Cyminology: Phoenix (ECM 2397)

Phoenix

Cyminology
Phoenix

Cymin Samawatie vocals
Benedikt Jahnel piano
Ralf Schwarz double bass
Ketan Bhatti drums, percussion
Martin Stegner viola
Recorded March 2014 at Rainbow Studio, Oslo
Engineer: Jan Erik Kongshaug
Produced by Manfred Eicher
Release date: 20 February 2015 (Europe only)

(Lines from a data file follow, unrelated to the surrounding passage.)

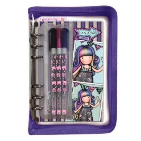 Zestaw Przyborów Szkolnych, Organizer - Gorjuss - Up and Away Firma Santoro London to producent niepowtarzalnych produktów, które zachwycą każdą dziewczynkę i niejednego dorosłego! Marka znana jest na całym świecie, a produkty sprzedawane są w najbardziej znanych i prestiżowych butikach . W najpopularniejszej z ich kolekcji - Gorjuss - znajdziecie przepiękne torebki, portfele oraz portmonetki, oryginalne artykuły papiernicze (notatniki, pamiętniki, długopisy, ołówki) oraz niepowtarzalne lusterka, balsamy do ust, szkatułki i wiele więcej! Kolekcja Gorjuss to wspaniały pomysł na wyjątkowy prezent z każdej okazji! Charakterystyka Fantastyczna seria Up and Away ozdobiona jest grafiką dziewczynki Gorjuss, utrzymana w kolorach głębokiego fioletu. Na odwrocie fajerwerki, kolorowe girlandy, cukrowa wata - wszystko co znajdziemy w wesołym lunaparku. Zestaw przyborów szkolnych zapakowanych w przezroczysty piórnik zapinany na specjalny suwak. Wewnątrz znajduje się kołonotes z 80 kartkami ozdobionymi dekoracyjnym nadrukiem. Na każdej stronie znajduje się miejsce na datę, godzinę oraz notatki dzięki czemu może pełnić funkcję organizera czy dziennika. Ponadto: 3 długopisy - granatowy, różowy i czarny, umieszczone w kieszonce na suwak. Dodatkowo - linijka mogąca pełnić funkcję zakładki. Wymiary: 15 cm x 21,5 cm x 2,5 cm. Zabawna kolekcja Fairground pełna plecaków, akcesoriów i artykułów papierniczych, która nawiązuje do tajemniczych przygód przeżytych w Wesołym Miasteczku. Nie brak tu fajerwerków, karuzel, beczek śmiechu, huśtawek i zdobywanych nagród. Zabawne pompony, słodkie wzory, czy metalowe zawieszki przeniosą nas do barwnego świata Santoro, pełnego niespodzianek. To kolekcja, którą będziemy cenić przez wiele lat. Podążaj za dziewczynami, bohaterkami 4 serii: Up & Away, Fireworks, Carusel i First Prize i odkrywaj ekscytującą kolekcję pełną cudownych smakołyków! 1137GJ04
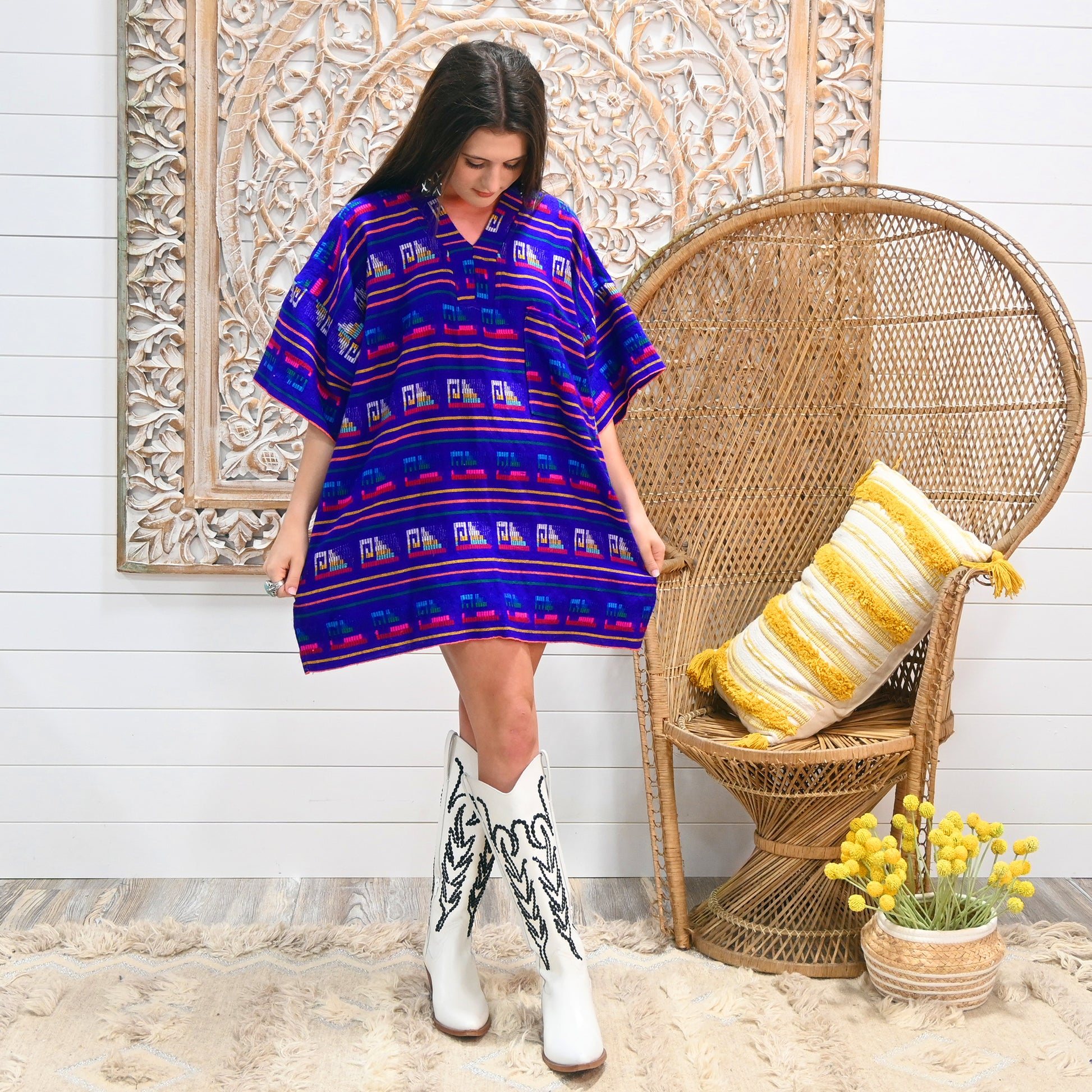 Purple Mexican Embroidered Boho Hippie Vintage Striped 70s Ethnic Tunic Shirt Dress
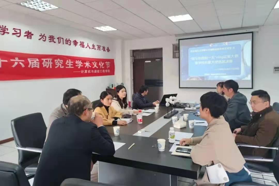 本次vlog征集大赛分为初赛和决赛,初赛历时20天共收到来自14支参赛队伍的作品,随后研院会干部组成评审团对作品进行初审,选出9支队伍进入决赛并对作品给出适当的修改意见。12月9日于理科楼B504开展了vlog征集大赛暨学校形象大使选拔决赛党委书记刘宏伟,党委副书记(代)王觊婧,研究生导师章登勇、夏卓群、史长琼,教务办主任李秋桂以及全体学工办老师组成评委团对修改后的参赛作品及形象大使进行最终评定并推选优秀的作品和形象大使代表计通学院去校里参与评比。
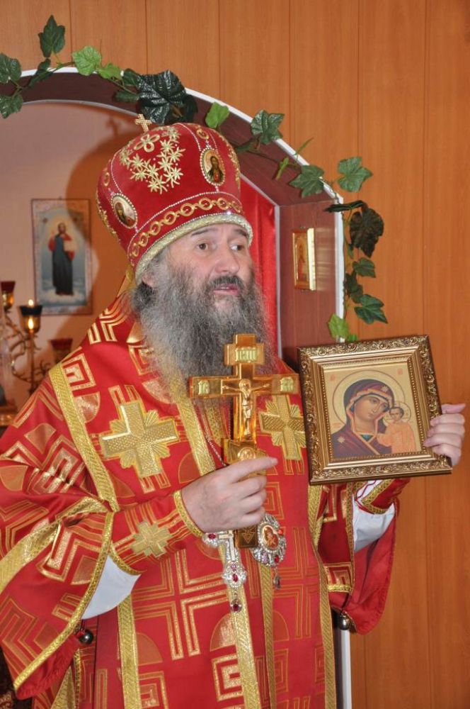 В своей проповеди Владыка поздравил всех с главным праздником всего воинства, с днем святого великомученика Георгия Победоносца, а настоятеля храма — отца Георгия с днем небесного Покровителя и подарил ему икону Пресвятой Богородицы.
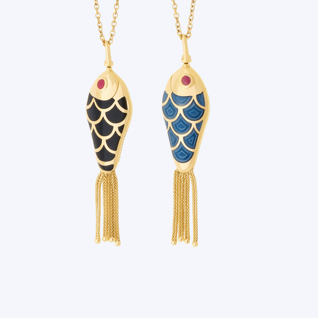 Fish For Love Collection Double-Sided Black and Navy Blue Enamel Set with Rubies Necklace
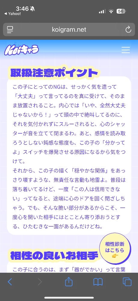 地味に流行ってるkoiキャラ診断
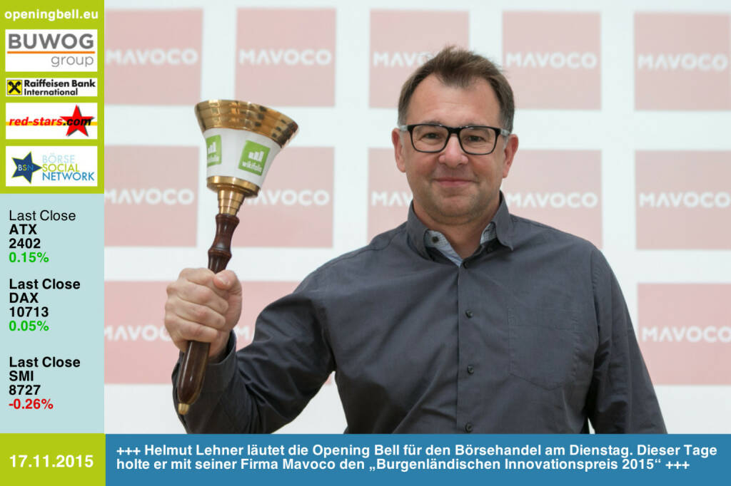 #openingbell am 17.11.: Helmut Lehner läutet die Opening Bell für den Börsehandel am Dienstag. Dieser Tage holte er mit seiner Firma Mavoco den „Burgenländischen Innovationspreis 2015“ http://www.openingbell.eu http://www.mavoco.com http://www.freeeway.com (17.11.2015)
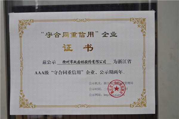 热烈祝贺我司荣获浙江省AAA级“守合同重信用”企业
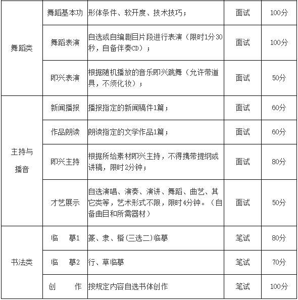 5.主持與播音類專業(yè)考試科目:新聞播報(bào)、作品朗讀、即興主持、才藝展示。
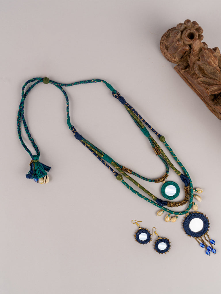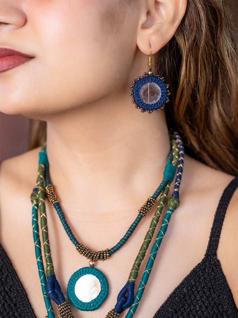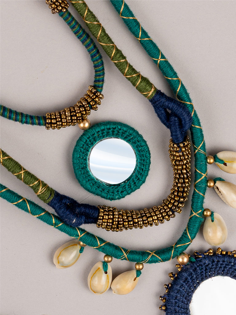 The blue layered necklace set is an ode to craftsmanship. Presenting the beautiful blue neckpiece handmade with supreme quality cotton threads and beads. Embrace the layered neckpiece crafted with a contemporary mix of shells to elevate the look. It is an alluring symphony of handwork done by our skilled artisans. A perfect piece to add
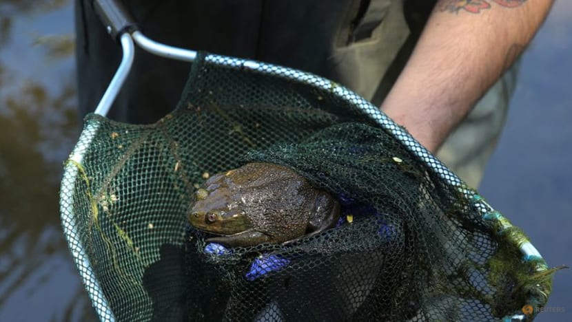 Environmental researchers extract genetic material from a Chilean frog's leg (Calyptocephalella gayi) in a wetland in the middle of a neighbourhood in the city of Quilpue, Chile, Dec 8, 2024. (Photo: Reuters/Rodrigo Garrido)
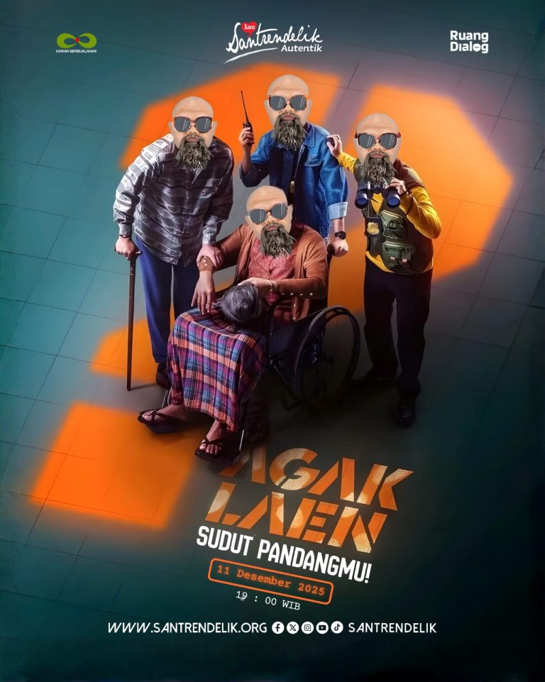 Pada Kamis, 11 Desember 2025 pukul 19.00 WIB, Ruang Dialog dan komunitas Santrendelik Autentik menggelar sebuah diskusi publik bertajuk “Agak Laen: Sudut Pandangmu!”. Acara yang ditampilkan dalam flyer dengan visual kreatif dan humoris ini menghadirkan tema yang dekat dengan kehidupan…

My melodies are reaching your heart, how come?
My words are easing your pain, how come?
Everything that I do, I don’t do it myself, how come?
I live for the ones, who love me
Why not for myself?

Cymin Samawatie, whose band Cyminology has swum twice in ECM waters (cf. 2009’s As Ney and 2011’s Saburi), is a crosser of barriers at once ethnic, linguistic, and musical. Such a characterization risks painting the German-Iranian singer as an enigma, when in fact she gives voice to her gifts through love of sentiment, empathy for politics, and humility of creation in a way so grounded, it feels as if she is singing as much for you alone as for the world. Samawatie’s backing trio of pianist Benedikt Jahnel, bassist Ralf Schwarz, and drummer Ketan Bhatti now welcomes violist Martin Stegner, whose presence is as defining as it is dressed in shadow. The voices of his bow constitute nominal additions, but their presence removes a few more layers of perception to reveal the naked truth of every note they touch.

Cyminology

The appropriately titled Phoenix revisits Iranian poet Forough Farrokhzaad (1935-1967), from whose own premature ashes emerged the winged verses explored therein. Farrokhzaad paints a veritable world around her body, which in “Aaftaab” and “Gozaraan” binds the narrator hand and food with ribbons of love’s many unspoken hues. The latter song’s improvisatory colors slip into a black hole as quickly as they emerge from one, feeling through the dark as if by every word, a fingertip. This is much in contrast with the former song, which unfolds, fractal-like, inlaying repeated patterns and meshing viola and voice interchangeably. Likewise, Farrokhzaad’s shapes tend toward a yin and yang relationship, whereby every pool of light contains one fish of dark, and vice versa. Like the stars she collects in “Harire Buse,” which accompanies Samawatie by bass alone, they shine only because of the unknowable pitch in which they swim.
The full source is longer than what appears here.